TASK ITEM: In your copy, leave out the pictures and output only the lines from the one holding "Effektkurve for NEG" through the end of the data below, exactly.

DATA EXTRACT:
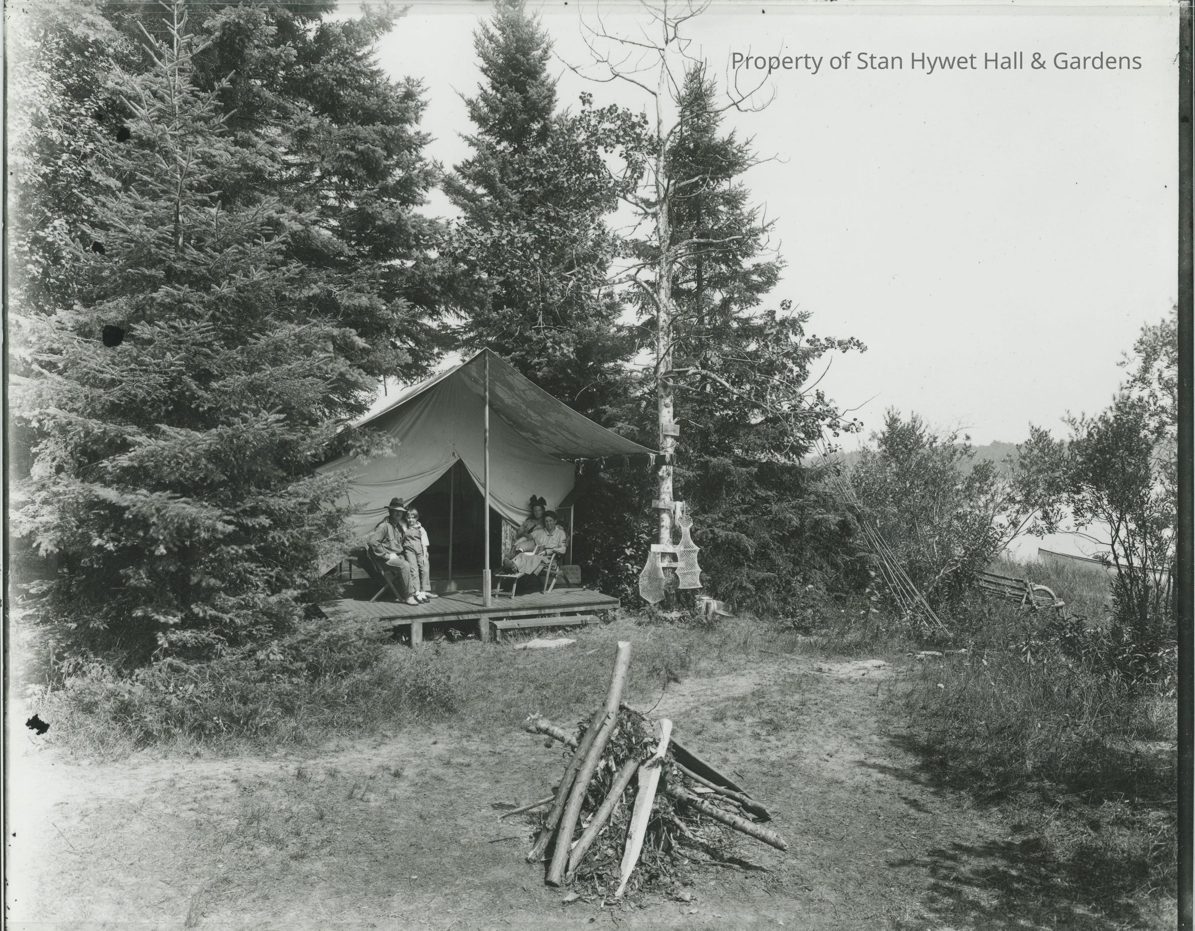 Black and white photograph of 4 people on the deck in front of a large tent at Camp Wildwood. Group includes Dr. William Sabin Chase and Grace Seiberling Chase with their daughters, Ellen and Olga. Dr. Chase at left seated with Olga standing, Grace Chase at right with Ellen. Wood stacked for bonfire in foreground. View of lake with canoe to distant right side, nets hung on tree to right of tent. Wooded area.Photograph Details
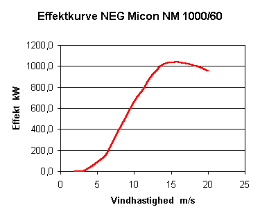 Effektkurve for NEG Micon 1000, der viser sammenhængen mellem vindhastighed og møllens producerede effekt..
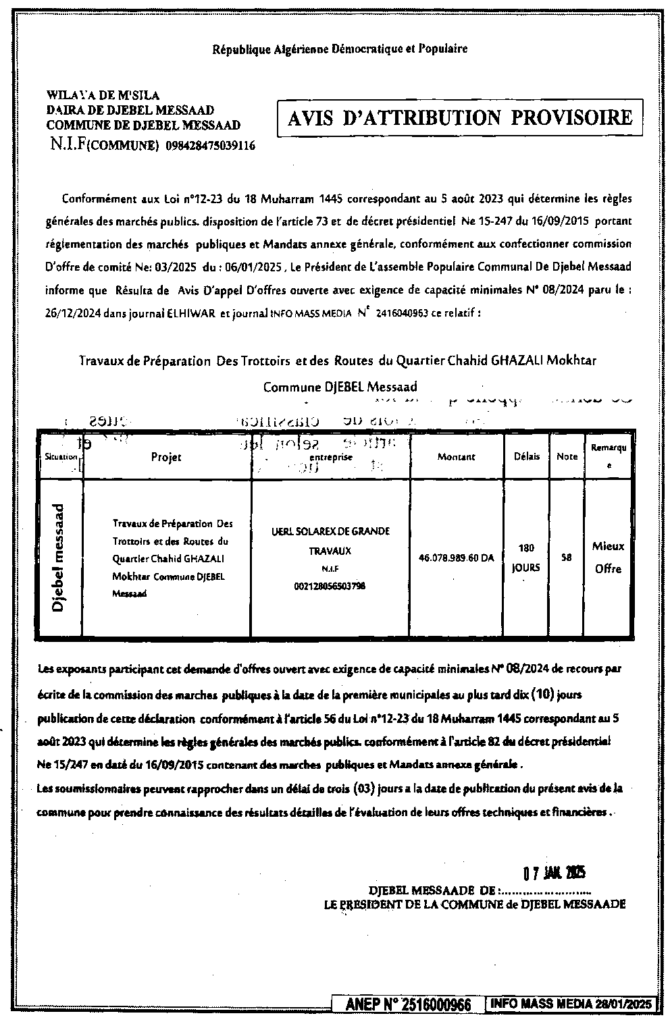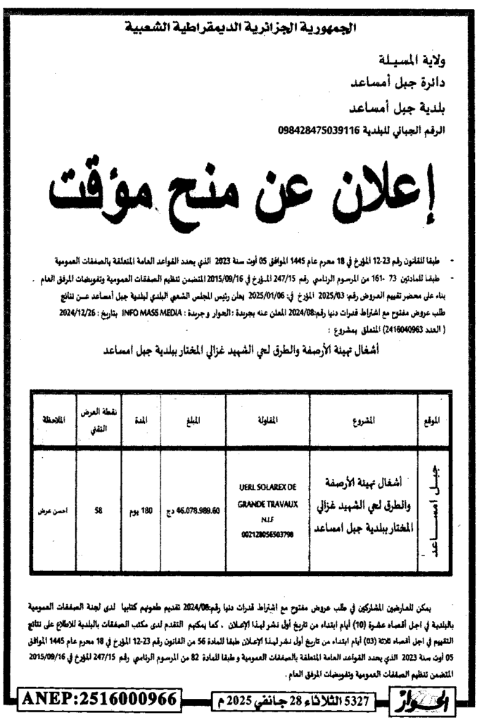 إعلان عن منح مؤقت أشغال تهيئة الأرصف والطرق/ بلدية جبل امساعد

EXERCISE ANSWER:
 Effektkurve for NEG Micon 1000, der viser sammenhængen mellem vindhastighed og møllens producerede effekt..
 إعلان عن منح مؤقت أشغال تهيئة الأرصف والطرق/ بلدية جبل امساعد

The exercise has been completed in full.